Reinventing da Vinci as a caped crusader makes an off-the-wall kind of sense. Da Vinci’s notebooks overflow with ahead-of-his-time designs for flying machines and other wild contraptions that resemble Bruce Wayne’s arsenal of bat-themed weapons and transports. “To the Sub-Aqueous Vessel!” da Vinci declares en route to an underwater mission.

Da Vinci’s endless supply of Rube Goldberg gadgets and the expressive caricatures of the marionettes make Avanti as gorgeously crafted as any show the Center ever staged. A rooftop fight between hang-gliding Renaissance Man and a masked, kung fu-kicking Lucretia playfully evokes countless Batman vs. Catwoman brawls. But the moonlit, Florentine setting, with terra cotta roofs and domed skylines, proves beautiful and breathtakingly detailed. The puppeteers even toy with perspective, using big figures for “close-ups” and small ones for distant shots during a chase.

With his long white hair and beard, da Vinci looks a little like the Winter Warlock from the old Rankin-Bass “Santa Claus is Comin’ to Town” TV special. Hines (who pulls the strings for Atlanta’s puppet-punk band Clobber) voices da Vinci, and gives him the high, enthusiastic tones of a teenager. His every line expresses the thrill of scientific discovery as well as doing good deeds in the name of “truth, justice and the Italian way!”

Hines and Ludwig’s script frequently derives from da Vinci’s own writings. “I have been impressed with the urgency of doing!” da Vinci exclaims, before extolling the virtues of keeping productive. During an interlude with a telescope, he sings a love song about both Mona Lisa and the moon called “Bella Luna, Mona Lisa.” The lyrics (sung in Italian, with English translation on a screen) come from the maestro’s study of lunar illumination. Throughout the play, composer John Cerreta provides endlessly catchy melodies.

Da Vinci’s anatomical discoveries lead to a comic interlude when lab assistant Sali (voiced with pep by Lorna Howley) succumbs to Three Stooges-style shtick with an uncooperative corpse. Even the show’s fart jokes come from da Vinci’s research.

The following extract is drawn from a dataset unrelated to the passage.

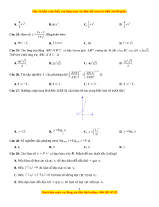 Câu 26: Tìm tập nghi m ệ S c a ủ phư ng ơ trình là 2021 2020 A. S 3 . B. S 1 . C. S 3 . D. S 1 . Câu 27: Đư ng c ờ ong trong hình bên là đ t ồ hị c a ủ hàm s nà ố o trong b n hà ố m s d ố ư i ớ đây? x 1 A. 3 y l og . x x y . B. 1 C. y . y l og . x D. 3 3 3 Câu 28: S nghi ố ệm c a ủ phư ng ơ trình log x log x 0 2020 2021 là A. 0. B. 3. C. 2. D. 1. Câu 29: Cho hàm s

At times, though, the humor doesn’t quite connect. Ludwig’s Wrestling Macbeth in 2000 combined high and low culture through the hilarious combination of Shakespearean tragedy and pro wrestling. Avanti also blends opposites — superheroes with Renaissance art, science and history — but with less success.

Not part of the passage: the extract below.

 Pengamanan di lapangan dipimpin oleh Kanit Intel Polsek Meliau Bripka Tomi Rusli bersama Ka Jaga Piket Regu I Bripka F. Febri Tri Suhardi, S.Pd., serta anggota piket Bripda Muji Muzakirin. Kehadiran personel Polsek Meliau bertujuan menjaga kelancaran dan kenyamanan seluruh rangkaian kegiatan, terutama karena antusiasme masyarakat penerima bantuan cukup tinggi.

Occasionally, the two strands dovetail perfectly. Instead of a “bat signal,” Mona Lisa summons Renaissance Man with a spotlight version of da Vinci’s “The Divine Proportion” — you know, the picture of the spread-eagled guy with four arms and four legs. Other times, the gags stoop to gratuitous vulgarity. Avanti assumes more familiarity with da Vinci than the average audience may have, and essentially has to educate viewers about his work while goofing on it. And though the play’s extensive use of Italian gives the dialogue a rolling musicality, it can also go over your head.

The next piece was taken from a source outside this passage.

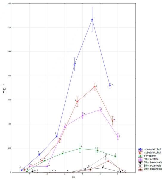 - Morakul, S.; Mouret, J.R.; Nicolle, P.; Aguera, E.; Sablayrolles, J.M.; Athès, V. A Dynamic Analysis of Higher Alcohol and Ester Release During Winemaking Fermentations. Food Bioprocess Technol. 2013, 6, 818–827. [Google Scholar] [CrossRef]

Avanti, Da Vinci! plays very much like a one of Terry Gilliam’s animated segments from “Monty Python’s Flying Circus” brought to life. A gag about the painting of “The Last Supper” features restaurant crowd noise and the instruction, “If you wanna be in the picture, you gotta be on this side of the table.” The irreverent, often bawdy humor provides a kind of sugarcoating to Hines and Ludwig’s genuine, infectious excitement with scholarly matters. It’s refreshing to see a show with such faith in its audience that it’s willing to overestimate our intelligence.